It is of particular note that most of the articles suggesting winter weirdness may be in part due to declining arctic sea ice reference the research of Rutgers climate scientist Jennifer Francis. However, even Francis doubts that declining arctic sea ice is causing the weird winter weather. She stated
"The media certainly had a field day with the “attack of the polar vortex” in early January, and in their hyping of the story, some misquoted me (and others) by saying that climate change caused the unusual cold spell. Of course this sort of event has happened before, and this one wasn’t unprecedented.
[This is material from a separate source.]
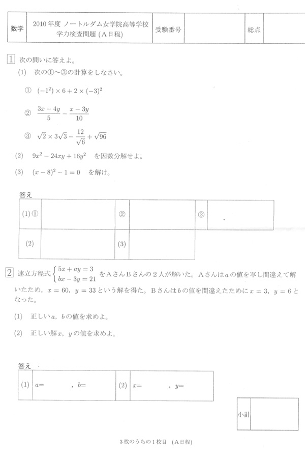 ■平成22年度入試過去問題 (A日程)(数学 問題)

I also agree that greenhouse-gas induced warming will reduce, not increase, the likelihood of breaking cold temperature records — the data already show this."Casting further doubt on the the influence of arctic sea ice on the winter weather is that fact that the massive decline in arctic sea ice is mostly just a summer occurrence. As stated by Cornell climate scientist Charles H. Green,
“The lag between decreases in sea ice extent during late summer and changes in the mid-latitude atmospheric circulation during other seasons (when the recent loss of sea ice is much smaller) needs to be reconciled with theory.”It is ironic that the current weather impacts a large segment of the populations' opinion about climate change and that this bout of weather weirdness is being taken by some as evidence that climate change might not be a hoax. So, opinions of some about climate change are being influenced by weather that is probably just due to it being winter.